XADAGO is contraindicated for use with other drugs in the MAO inhibitor class or other drugs that are potent inhibitors of monoamine oxidase (e.g., linezolid, an oxazolidinone antibacterial, which also has reversible nonselective MAO inhibition activity). Co-administration increases the risk of nonselective MAO inhibition, which may lead to hypertensive crisis [see Contraindications (4) and Warnings and Precautions (5.1)] . At least 14 days should elapse between discontinuation of XADAGO and initiation of treatment with other MAOIs.

Isoniazid has some monoamine oxidase inhibiting activity. Monitor for hypertension and reaction to dietary tyramine in patients treated concomitantly with isoniazid and XADAGO.

7.2 Opioid Drugs

Because serious, sometimes fatal reactions have been precipitated with concomitant use of XADAGO with opioid drugs (e.g., meperidine and its derivatives, methadone, propoxyphene, or tramadol) and MAO inhibitors, including selective MAO-B inhibitors, concomitant use of these drugs is contraindicated [see Warnings and Precautions (5.2)] . At least 14 days should elapse between discontinuation of XADAGO and initiation of treatment with these drugs.

7.3 Serotonergic Drugs

Concomitant use of XADAGO with SNRIs; triazolopyridine, tricyclic or tetracyclic antidepressants; cyclobenzaprine (a skeletal muscle relaxant that is a tricyclic antidepressant derivative); or St. John's wort is contraindicated [see Warnings and Precautions (5.2)] . At least 14 days should elapse between discontinuation of XADAGO and initiation of treatment with these drugs.

Monitor patients for symptoms of serotonin syndrome if selective serotonin re-uptake inhibitors are used by patients treated with XADAGO [see Warnings and Precautions (5.2)] .

7.4 Dextromethorphan

The combination of MAO inhibitors and dextromethorphan has been reported to cause episodes of psychosis or bizarre behavior. Therefore, in view of XADAGO's MAO inhibitory activity, dextromethorphan is contraindicated for use with XADAGO.

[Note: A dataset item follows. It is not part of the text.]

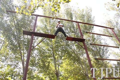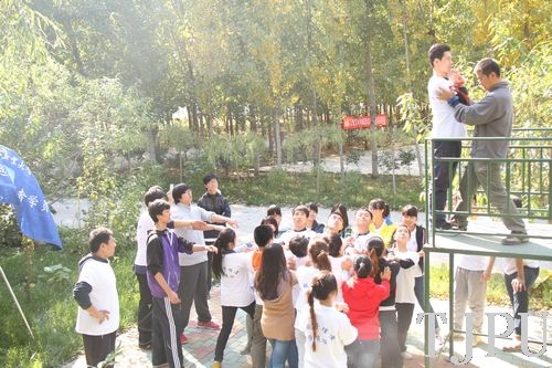 训练活动开始之前,全体学员分成勇士队、宙斯神盾队、一二一六队、victory队、WE队五个小组。分组之后,学员们相继开展了信任背摔、合力过桥、穿越电网、翻越毕业墙等训练项目。整个训练过程中,学员们热情激昂,积极参与,团结协作,展现了奋发拼搏的良好风貌。

7.5 Sympathomimetic Medications

Severe hypertensive reactions have followed the administration of sympathomimetics and nonselective MAO inhibitors. Hypertensive crisis has been reported in patients taking the recommended doses of selective MAO-B inhibitors and sympathomimetic medications. Concomitant use of XADAGO with methylphenidate, amphetamine, and their derivatives is contraindicated [see Warnings and Precautions (5.1, 5.2)] .

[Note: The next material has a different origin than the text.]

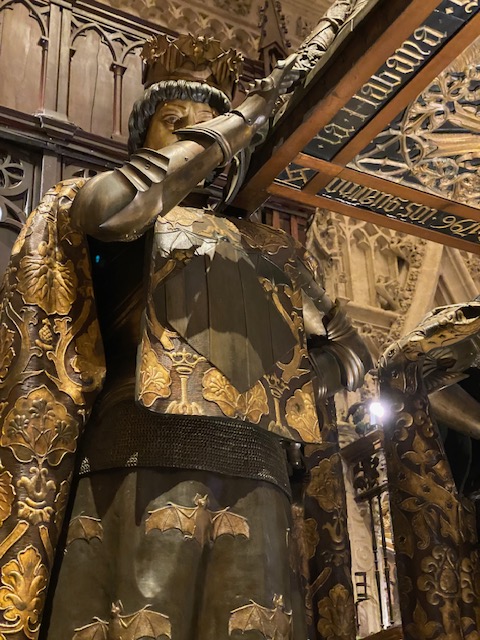 The tomb, a majestic monument with four heralds representing the four kingdoms of Spain, serves as a testament to the Age of Exploration and the connection between Seville and the New World.

Monitor patients for hypertension if XADAGO is prescribed concomitantly with prescription or nonprescription sympathomimetic medications, including nasal, oral, or ophthalmic decongestants and cold remedies [see Warnings and Precautions (5.1)] .

7.6 Tyramine

MAO in the gastrointestinal tract and liver (primarily type A) provides protection from exogenous amines (e.g., tyramine). If tyramine were absorbed intact, it could lead to severe hypertension, including hypertensive crisis. Aged, fermented, cured, smoked, and pickled foods containing large amounts of exogenous amines (e.g., aged cheese, pickled herring) may cause release of norepinephrine resulting in a rise in blood pressure (Tyramine Reaction). Patients should be advised to avoid foods containing a large amount of tyramine while taking recommended doses of XADAGO [see Warnings and Precautions (5.1)] .

Selectivity for inhibiting MAO-B decreases in a dose-related manner above the highest recommended daily dosage, which may increase the risk for hypertension [see Clinical Pharmacology (12.2)] . In addition, isoniazid has some monoamine oxidase inhibiting activity. Monitor for hypertension and reaction to dietary tyramine in patients treated with isoniazid and XADAGO [see Warnings and Precautions (5.1)] .

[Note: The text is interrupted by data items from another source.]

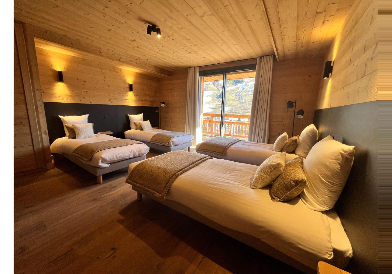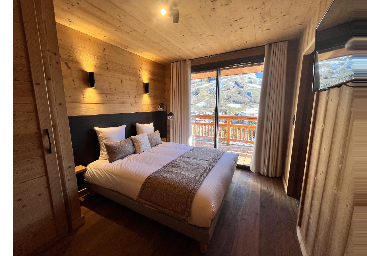 Ervaar het comfort en de charme van Chalet L'Ours Polaire, gelegen in het hart van de Alpen. Dit ruime chalet van 240 m² biedt plaats aan maximaal 14 personen, met zes ruime slaapkamers, perfect voor gezinnen of groepen vrienden. Elke kamer is uitgerust met een tv en een eigen badkamer met douche en toilet. De gezellige woonkamer, met open haard, opent naar een panoramisch terras waar je kunt ontspannen in de jacuzzi. De volledig uitgeruste keuken zorgt ervoor dat je alles hebt wat je nodig hebt voor een onvergetelijk verblijf.
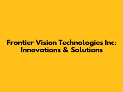 Frontier Vision Technologies Inc: Innovations & Solutions
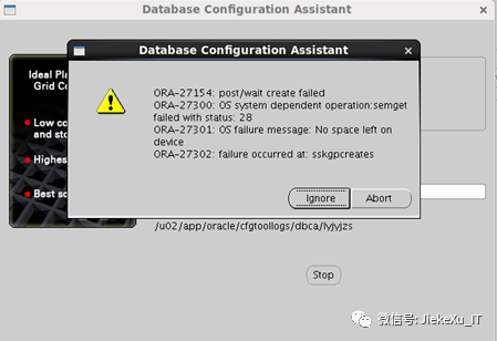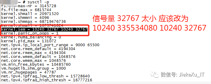 [root@JiekeXu ~]$ ipcs...----- Semaphore Arrays --------key semid owner perms nsems0x21b9674c 196610 oracle 660 1270x21b9674d 229379 oracle 660 1270x21b9674e 262148 oracle 660 127...If we assume this is the case here.假如我们遇到的是这种情况,So, here, the actual semaphore accommodated per array is not 250, it is 127.这说明每个数组中不是250,而是127,So, practically, only 16256 (128*127) can present in the server.所以只有16256个可用的信号量,这也就是我们计算processes总量远远未达到32000,但是依旧报错的原因,Solution解决方案:kernel.sem = 250 32000 100 128 ---- >>>> This indicates that 250 semaphores can be accomodated in an array and maximum of 128 arrays can be in the system.So, in total, 32000 (250X128) semaphores can present in the system.Thus We need to increase the maximum number of arrays that can be present on the server.Kindly follow the below steps :-----------------------------------1. Query the current semaphore values in the kernel# sbin/sysctl -a | grep sem2. Modify SEMMNI value in the etc/sysctl.conf.Fromkernel.sem = 250 32000 100 128Tokernel.sem = 250 32000 100 2003. # sbin/sysctl -p这里建议的是将kernel.sem修改为250X200,,但是中间的32000未改变,但是根据在support.redhat.com 上的文档How to increase the number of semaphores:将sysctl.conf中设置为kernel.sem = 250 64000 100 256并sysctl -p ,解决该问题。
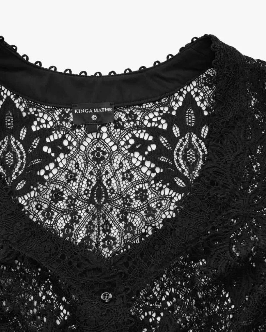 Samantha Dirndlbluse für Damen von Kinga Mathe in Schwarz. Dank der feinenSpitzesowie den Zierborten erhält das semi-transparente Modell einen traditionellenund zugleichromantischen Charakter.

7. 7 Substrates of Breast Cancer Resistance Protein (BCRP)

Safinamide and its major metabolite may inhibit intestinal breast cancer resistance protein (BCRP) [see Clinical Pharmacology (12.3)] . Inhibition of BCRP could increase plasma concentrations of BCRP substrates. Examples of substrates of BCRP include methotrexate, mitoxantrone, imatinib, irrinotecan, lapatinib, rosuvastatin, sulfasalazine, and topotecan. Monitor patients for increased pharmacologic or adverse effect of the BCRP substrates if XADAGO is used concomitantly.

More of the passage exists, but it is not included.